Problem requirements -> If pictures appear, leave them out, and return exactly the lines from the one holding "2月20日(金) チャプチェ丼 手作りポテトチップ" through the last line of the listing below.

Excerpted records ->
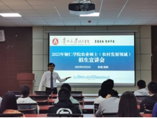 召开的线下宣讲会中,委托兄弟院校相关老师,通过播放经济管理学院农业硕士农村发展领域学位点宣传视频、讲解招生宣传PPT、发放纸质版招生宣传册等环节,向农村发展领域相关专业的考研学生进行了宣讲。
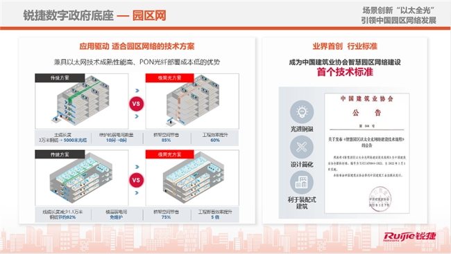 在后疫情时代,政务在线业务量和多业务模式使得用户对于网络升级的诉求愈加强烈,光在园区网应用的需求也真正到来,光进铜退势不可挡。锐捷推出了极简以太全光网解决方案,通过全新光纤入室的部署方式,结合以太网,通过架构简单的组网和SDN技术,兼具以太网技术成熟性能高、PON光纤部署成本低的优势,为园区业务提供面向高带宽、低延时、高度灵活、极简运维的网络承载,是更适合园区网络的技术方案。2022年3月,锐捷作为目前唯一主编厂商参与中国建筑业协会首个关于智慧园区网络建设的标准化文件制定。同时,锐捷极简以太全光网解决方案获得“2022-2023数字城市/应急管理信息化方案案例创新类(IT企业)”。
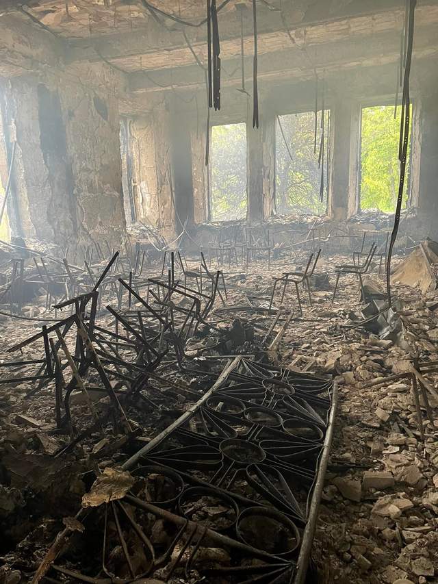 Наші школи – це пусті цегляні коробки, через розбиті вікна дме вітер, запах згарища, замість парт – лише металеві основи… на вцілілих дошках застигло 23 лютого,
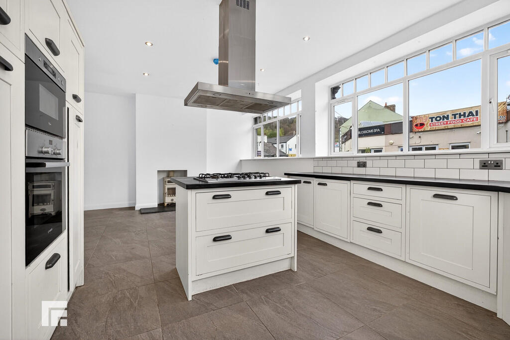 KITCHEN/DINER22' 7" x 16' 0" (6.90m x 4.90 maxm) A spacious open-plan kitchen/diner fitted with a wide range of base and eye level units incorporating ceramic Belfast sink with complementary solid Iroko wood work surfaces. Fitted electric double oven, integrated dishwasher, fridge, freezer, dishwasher and washing machine. Feature central island with breakfast bar and five burner gas hob with extractor hood over. Tiled splash backs and slate tiled flooring. Spotlights. uPVC double glazed windows to front and side aspects. Feature wood burner with slate hearth. Handmade oak shutters. Radiator. Door to WC and opening to lounge.
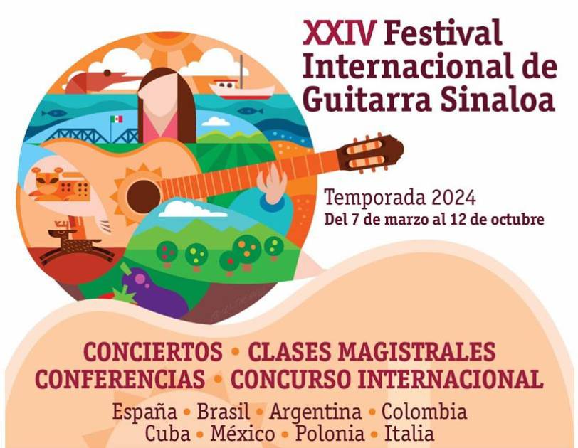 Esta vez con un formato de temporada, a partir del 7 de marzo en Los Mochis, y hasta el 12 de octubre próximo se llevará a cabo el 24 Festival Internacional de la Guitarra Sinaloa 2024, con músicos de España, Brasil, Argentina, Colombia, Cuba, Italia, Polonia y México, y con actividades como 21 conciertos, seis clases magistrales, dos conferencias y el Concurso Internacional de Guitarra Culiacán.
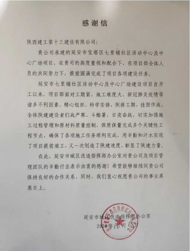 在繼南川河防洪工程、延安大學(xué)新校區(qū)體育中心項目之后,10月15日,公司負(fù)責(zé)施工的延安市七里鋪社區(qū)活動中心及中心廣場項目收到了來自建設(shè)單位的感謝信。延安市城區(qū)改造指揮部在感謝信中提到:陜建十三建公司延安寶塔區(qū)七里鋪社區(qū)活動中心及中心廣場項目全體建設(shè)者戰(zhàn)嚴(yán)寒、斗酷暑,日夜奮戰(zhàn),切實加強施工過程管理和質(zhì)量控制,保質(zhì)保量完成了多個關(guān)鍵性工程節(jié)點,確保了各項施工任務(wù)順利完成,用辛勤和汗水實現(xiàn)了項目提前竣工,又一次創(chuàng)造了陜建速度,彰顯了陜建力量。
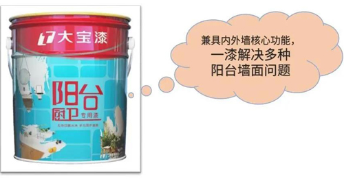 針對(duì)生活上常見的陽臺(tái)墻面問題,近日大寶漆研發(fā)生產(chǎn)了陽臺(tái)(廚衛(wèi))專用漆。據(jù)了解,該產(chǎn)品兼具內(nèi)外墻核心功能,一漆可以解決多種陽臺(tái)墻面問題。
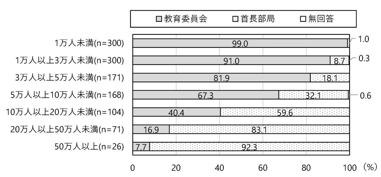 市区町村では「教育委員会」が2015年調査より7.2 ポイント減少、「首長部局」が7.5ポイント増加した。市区町村の人口規模別にみると、「1万人未満」では「教育委員会」が99.0%と、ほぼすべての自治体で教育委員会がスポーツ行政を担っている現状が明らかになった。「50万人以上」の自治体では「首長部局」が92.3%であった。
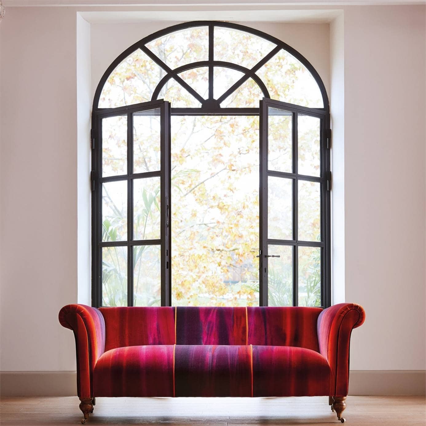 Amazilia Velvet Fabric in colour Papaya / Loganberry / Raspberry, HAMV131510. A very popular fabric from the Harlequins collection Amazilia Velvets, this luxurious short-piled velvet features a beautiful ombre effect with elegantly blending colourways of vibrant orange, red and purple hues. Suitable for made to measure curtains, roman blinds, accessories and upholstery.
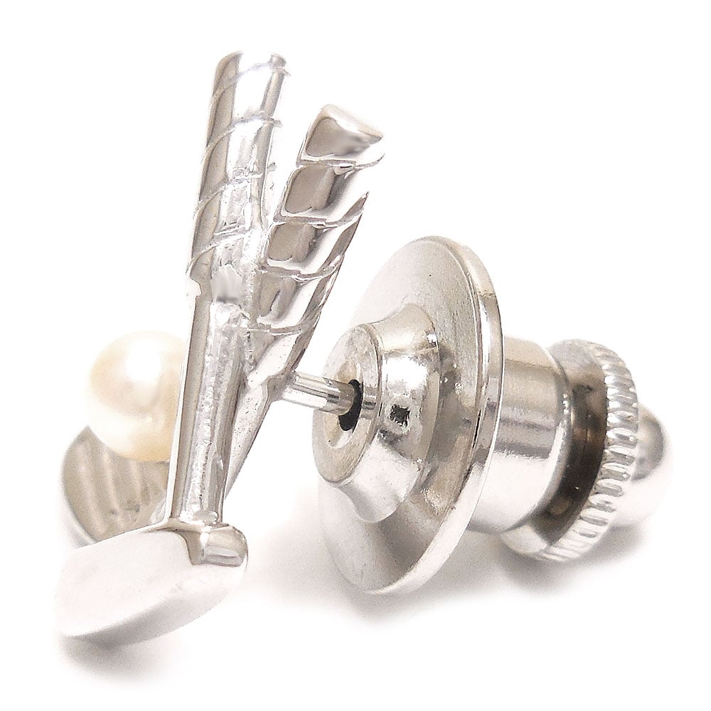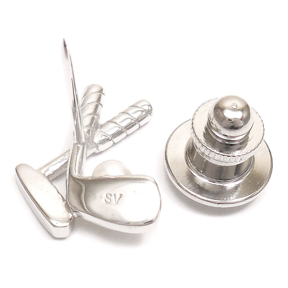 短くデフォルメしたアイアンとパター、2本のゴルフクラブがクロスするシルバーピンブローチです。
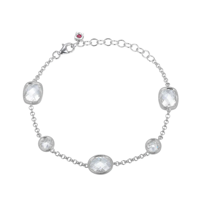 ELLE - Essence Collection - Sterling Silver Rhodium Plated 6.5"+1.5" CZ Station Bracelet
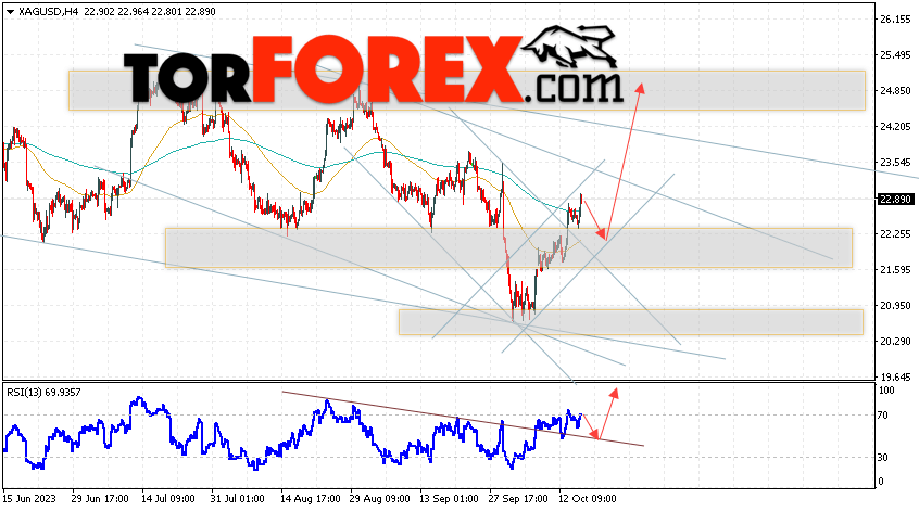 Дополнительным сигналом в пользу роста котировок и цен на Серебро XAG/USD выступит тест линии поддержки на индикаторе относительной силы (RSI). Вторым сигналом в пользу подъёма станет отскок от нижней границы бычьего канала. Отменой варианта роста цен на Серебро 18 октября 2023 станет падение и пробой 21.55. Это укажет на пробой области поддержки и продолжение падения в область ниже уровня 19.25. Ожидать ускорения роста котировок XAG/USD стоит с пробоем области сопротивления и закрытием цены над уровнем 23.65, что укажет на пробой верхней границы нисходящего канала.
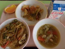 2月20日(金) チャプチェ丼 手作りポテトチップ 野菜とお豆のコンソメスープ オレンジ 牛乳 |
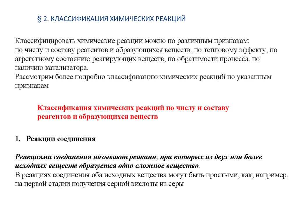 § 2. КЛАССИФИКАЦИЯ ХИМИЧЕСКИХ РЕАКЦИЙКлассифицировать химические реакции можно по различным признакам:
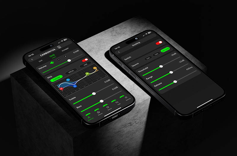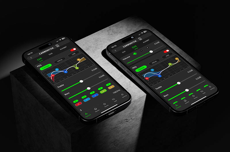 With its combination of durable construction, high-performance audio, and advanced digital control, the Audiophony Carbon 15A is designed to meet the demands of professional audio applications and live events.
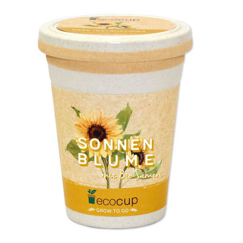 • Nach ca. 6-8 Tagen beginnen die Sonnenblumen zu wachsen. ecocup weiterhin nur mäßig gießen.
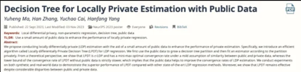 公司员工马宇恒、张涵与杨翰方教授在NeurIPS2023发表论文,提出了使用公开数据辅助局部差分隐私学习。针对非参数回归问题,文章从理论与实验两个角度研究了公开数据带来的优势。

Answer section ->
 2月20日(金) チャプチェ丼 手作りポテトチップ 野菜とお豆のコンソメスープ オレンジ 牛乳 |
 § 2. КЛАССИФИКАЦИЯ ХИМИЧЕСКИХ РЕАКЦИЙКлассифицировать химические реакции можно по различным признакам:
 With its combination of durable construction, high-performance audio, and advanced digital control, the Audiophony Carbon 15A is designed to meet the demands of professional audio applications and live events.
 • Nach ca. 6-8 Tagen beginnen die Sonnenblumen zu wachsen. ecocup weiterhin nur mäßig gießen.
 公司员工马宇恒、张涵与杨翰方教授在NeurIPS2023发表论文,提出了使用公开数据辅助局部差分隐私学习。针对非参数回归问题,文章从理论与实验两个角度研究了公开数据带来的优势。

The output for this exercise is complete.